Some more from Couchman:

Postcard photograph entitled Royal Marines Light Infantry (RMLI) Main Entrance to Barracks comprising view of Royal Marines Barracks, Dock Road, Chatham, looking west from embankment on opposite side of Dock Road, showing in foreground carriageway, part of guard room, cannon bollards, sentry, civilian bystander, gates, trees, wrought iron canopy and lantern, overhead railings and gate posts, in middle ground parade ground and fatigue party of marines in duck jackets being drilled and in distance other ranks? accommodation block. Couchman?s accompanying notes pertain to building of barracks 1780-1784. Gale and Polden's Wellington Series. c.1910


Postcard photograph entitled Main Gate and Barracks, Chatham comprising view of Royal Marines Barracks, Dock Road, Chatham, looking north from point near top of Church Hill, showing in left middle ground gateway and adjutant's office and in middle distance commandant's quarters and officers' quarters. Street scene shows carriageway, tram lines, trees, pavement, cyclist and tram car. Couchman's accompanying notes pertain to Hill House on same site 1569-1805 and vacation and demolition of barracks 1950 and 1959. Postmarked Rochester 25 May 1909


Postcard photograph entitled Entrance, Royal Marine Barracks, Chatham comprising view of Royal Marines Barracks, Dock Road, Chatham, looking west from embankment opposite, showing in foreground cobbled entrance way, cannon bollards, sentry in No.1 Dress, boy bystander, gates, trees, wrought iron canopy and lantern, overhead railings and gate posts, in middle ground parade ground and fatigue party of marines in duck jackets, universal dress caps and blue trousers being drilled and in distance other ranks? accommodation block. Chatham Borough Council coat of arms superimposed. Published by Woolstone Brothers, London EC, Milton Glazette Series and printed in Germany. c.1910


Tinted postcard photograph entitled Chatham, Main Entrance, Royal Marine Barracks comprising view of Royal Marines Barracks, Dock Road, Chatham, looking south-west from position in carriageway slightly to north, showing in foreground part of guard room (left-hand side), part of adjutant's office (right-hand side), carriageway, cannon bollards, sentry in greatcoat, civilian bystander, gates, trees, wrought iron canopy and lantern, overhead railings and gate posts, in middle ground parade ground and in distance other ranks' accommodation block.  Published by Thornton Brothers, New Brompton.
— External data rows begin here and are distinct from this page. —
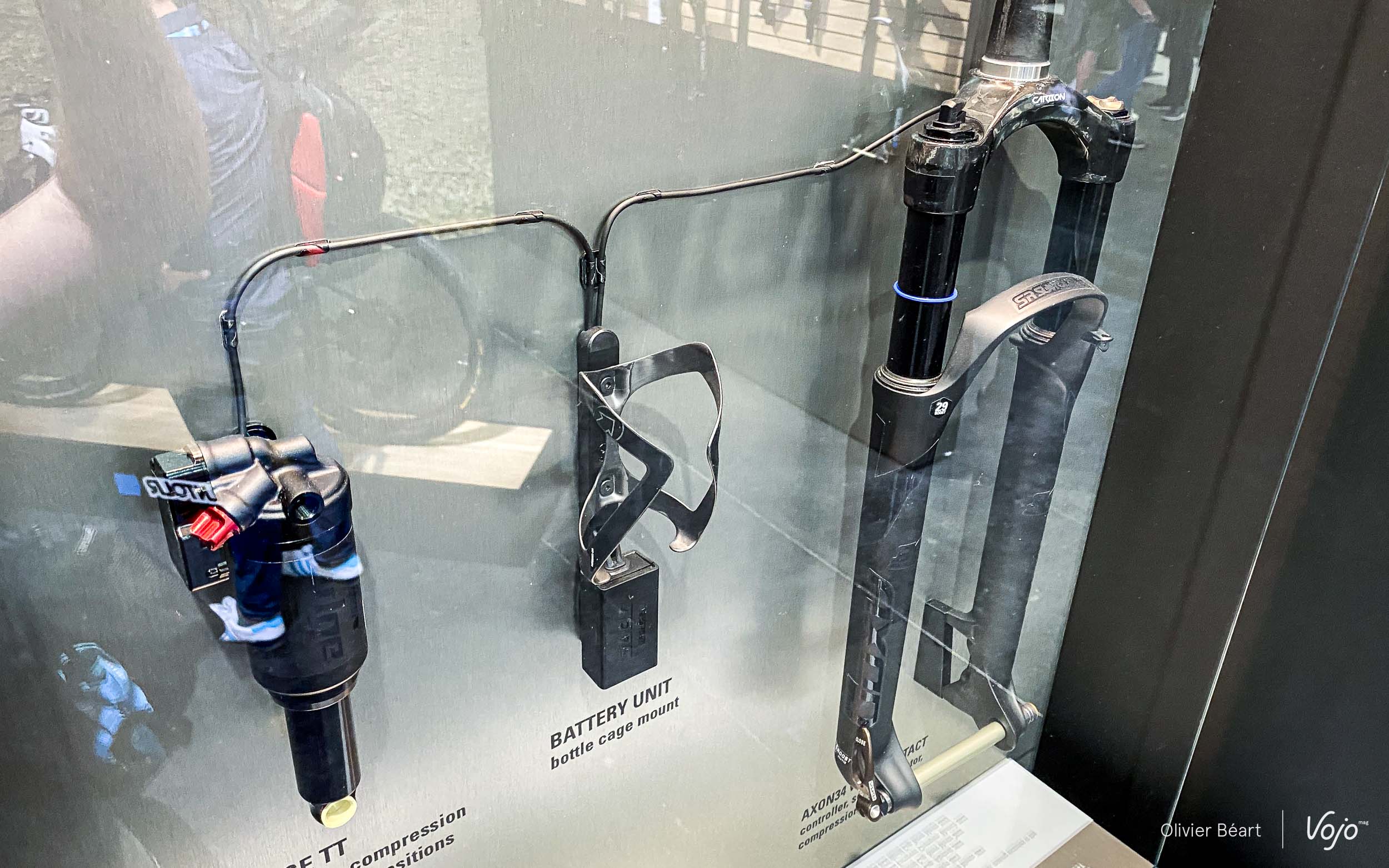 Pas d’amalgame, si le système est électronique, il n’est pas sans fil pour autant : les trois éléments distincts du système (fourche, amortisseur et batterie) sont reliés par un simple câble. C’est la meilleure solution, selon la marque, pour obtenir un système suffisamment rapide avec une analyse toutes les 4 millisecondes, soit plus de 80 analyses le temps d’un clignement d’œil…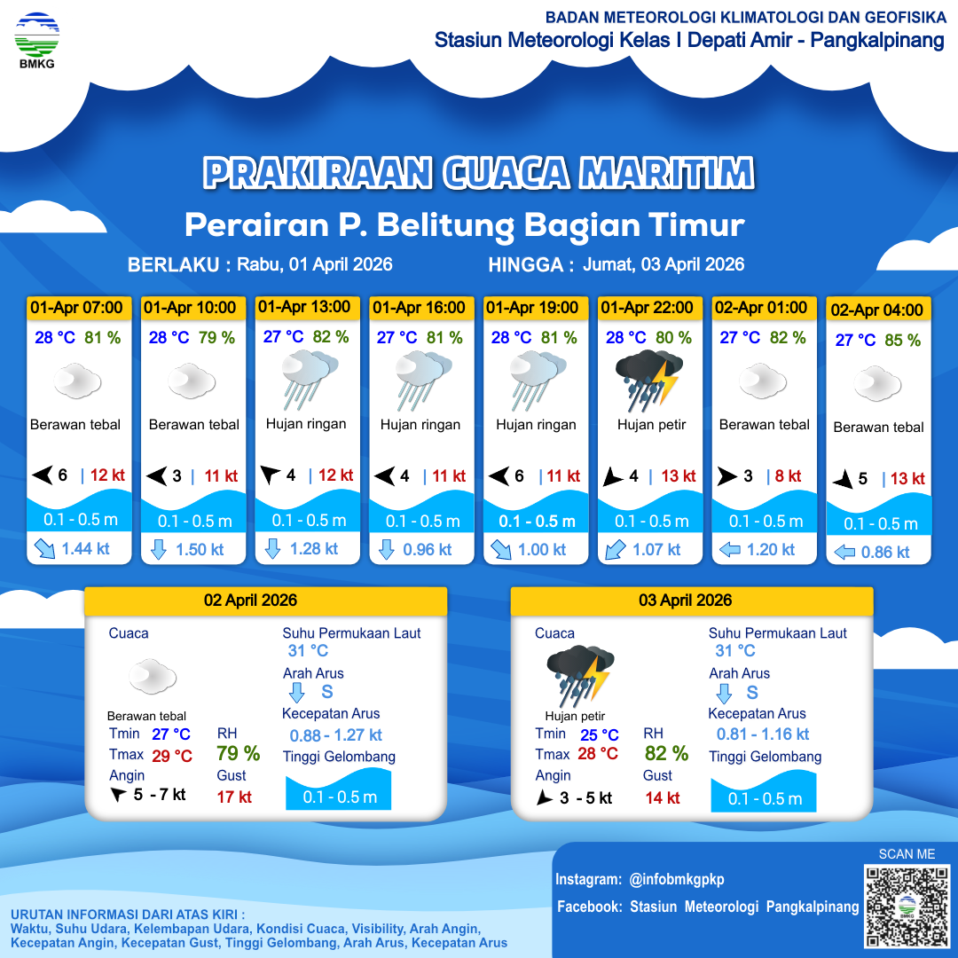 1 Apr 26, 17.00 2 jam kedepan | Barat 3 kt Gust Peningkatan kecepatan angin yang singkat dan tiba-tiba : 8 kt | 0.3 m Tenang | Barat 1.2 Knots | 28 °C | 81 % | |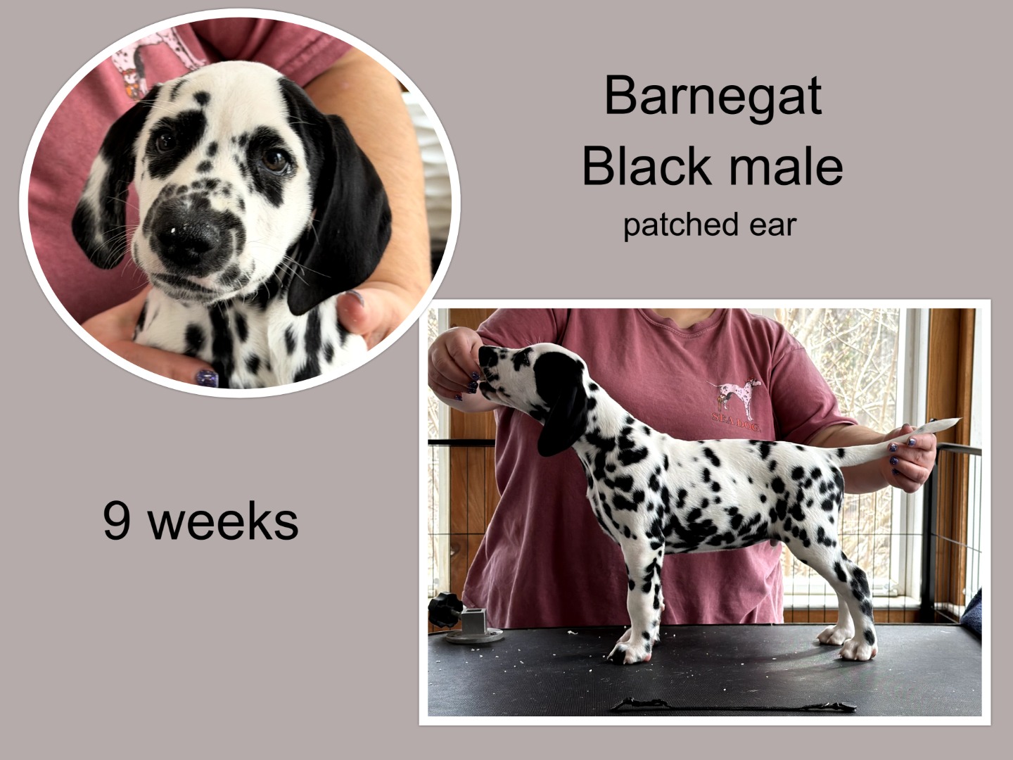One very sweet male patched puppy is available for pick up in Maryland. Has been BAER tested and hears bilaterally. Is microchipped and has received first two puppy vaccines.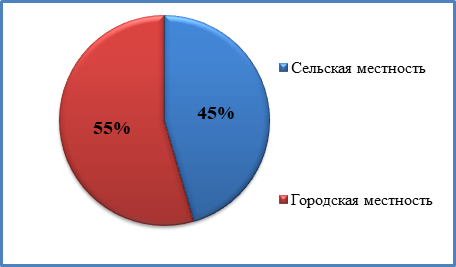 Согласно собранным данным, количество пациентов с диагнозом полипоз толстого кишечника, составляет 456 человек (45 %), проживающих в сельской местности и 547 человек (55 %) - в городах (рис.2).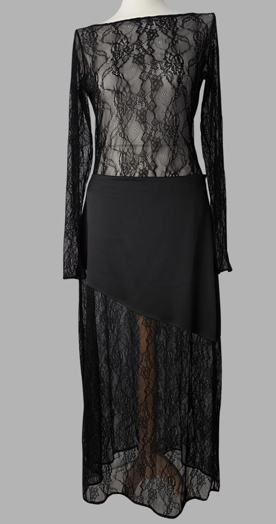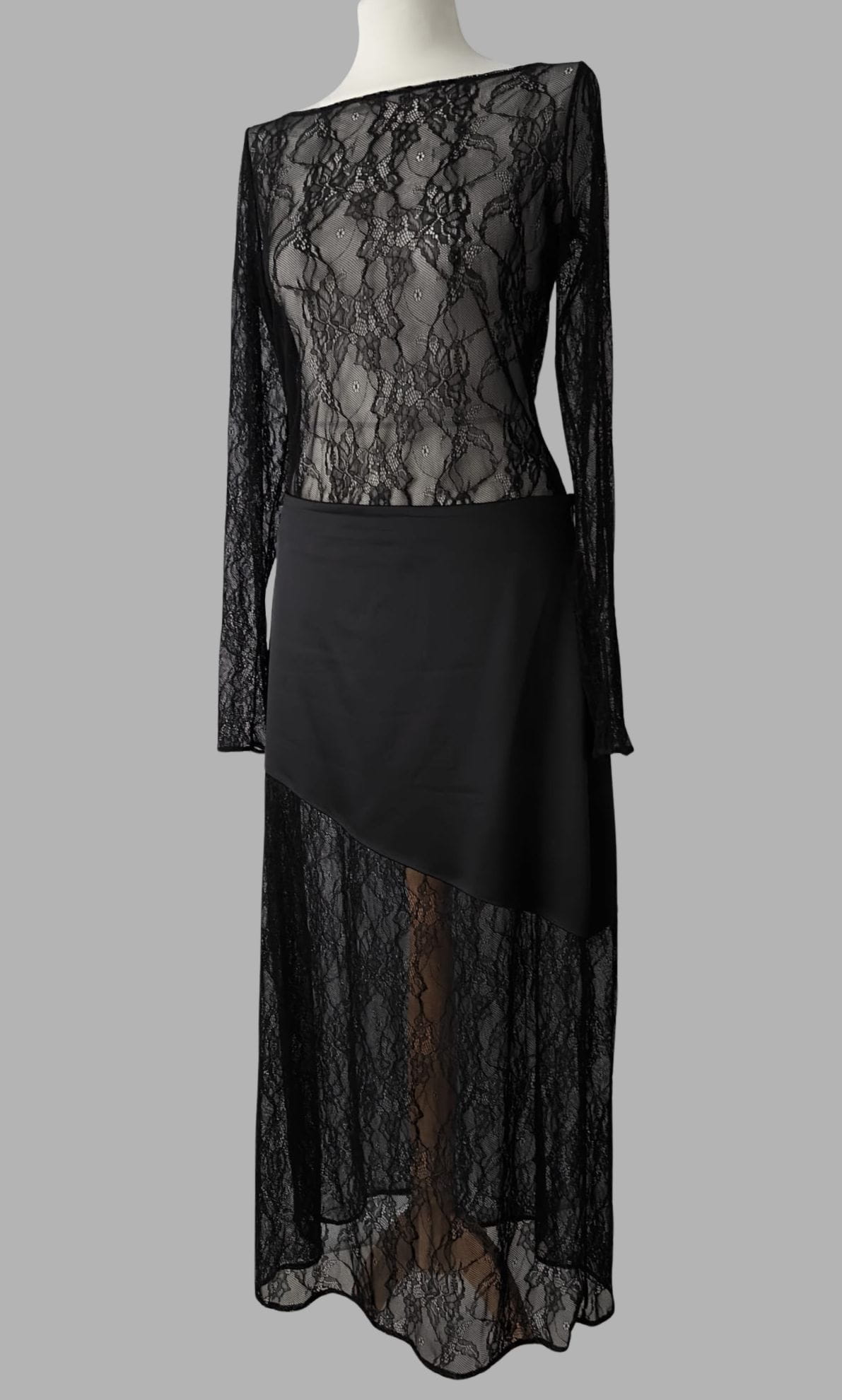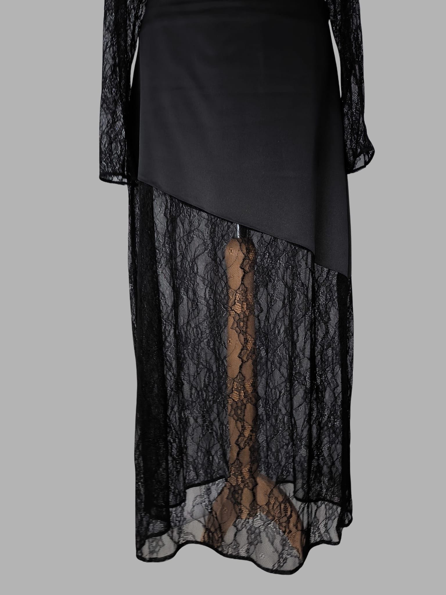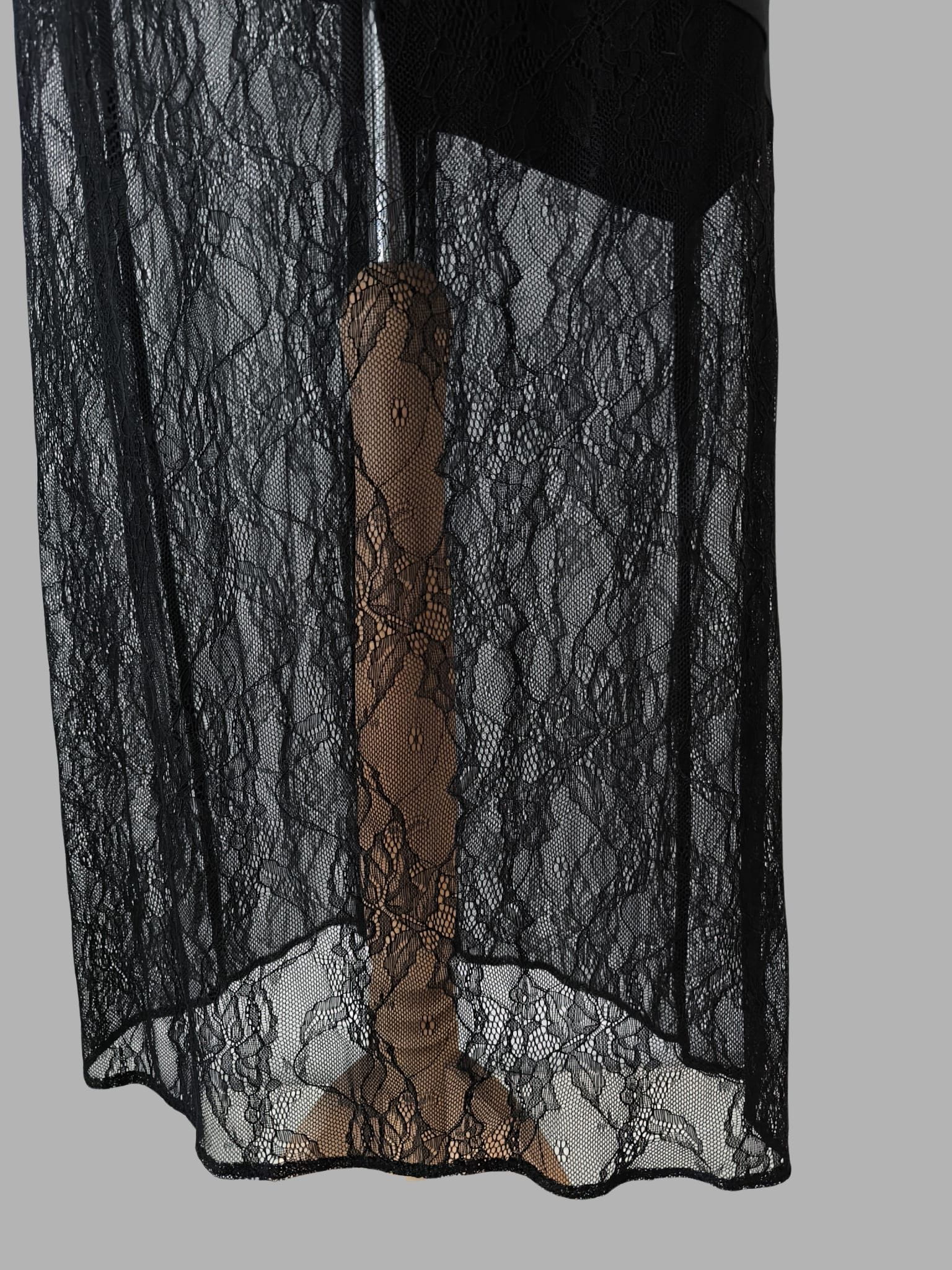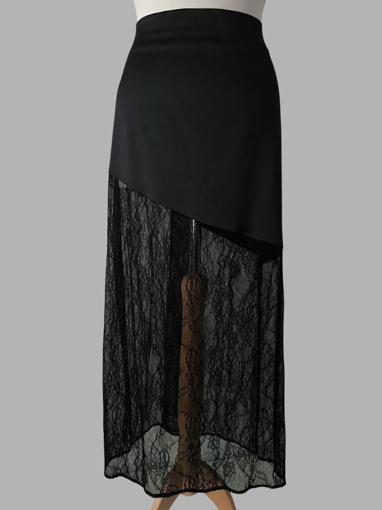 Czarna spódnica o satynowej górze z asymetrycznym cięciem, które subtelnie podkreśla sylwetkę i nadaje całości nowoczesnego charakteru. Góra wykonana z czarnej satyny, miękko łączy się z koronką po skosie, tworząc subtelną, kobiecą linię. Delikatnie, filuternie odsłania jedną nogę, podczas gdy druga pozostaje częściowo zakryta.. To wyrafinowany projekt, który pięknie łączy klasykę z romantycznym detalem i doskonale dopełnia zarówno minimalistyczne, jak i bardziej dekoracyjne stylizacje

Postmarked Chatham-Rochester 6 September 1922


Postcard photograph entitled Royal Marines Light Infantry (RMLI), Men's Quarters comprising view of Royal Marines Barracks, Dock Road, Chatham, looking north-west across parade ground from point in parade ground, showing in foreground parade ground, in middle ground and distance other ranks' accommodation block, marines in duck jackets, blue trousers and fore-and-aft forage caps, other marines in No.1 Dress, benches, railings and trees and in right distance western end of officers' quarters. Gale and Polden's Wellington Series. c.1910


Postcard photograph entitled Marine Barracks, Chatham comprising view of Royal Marines Barracks, Dock Road, Chatham, looking north-north-west across parade ground from south-eastern corner of parade ground towards officers' quarters, showing in fore and middle grounds parade ground and tree, in left middle ground and distance other ranks' accommodation block sergeants' mess, non-commissioned officers? library, officers' library and trees and in right distance officers' quarters and shrubs. Excel Series. c.1920


Postcard photograph entitled Main Gate, Royal Marine Barracks, Chatham comprising view of Royal Marines Barracks, Dock Road, Chatham, looking west from embankment on opposite side of Dock Road, showing in foreground carriageway and divisional band in No.1 Dress (Home Service Dress) executing left turn into Dock Road through main gate, in middle ground part of guard room, trees, gate pillars, wrought iron canopy and civilian spectators including schoolboy in trencher, in middle distance visible through left hand gate and main gate marching platoons of marines also in No.1 Dress (Home Service Dress) and in distance other ranks' accommodation block. On rear, message from James (Jim) [-] N. Munn, Torpedo Boat 35, Portland, Dorset, c/o General Post Office (GPO), London, to his cousin Emma [-] explaining his part in manoeuvres, burden of looking after 4 officers and complaining of being fed up with this kind of life, dated 31 July 1910.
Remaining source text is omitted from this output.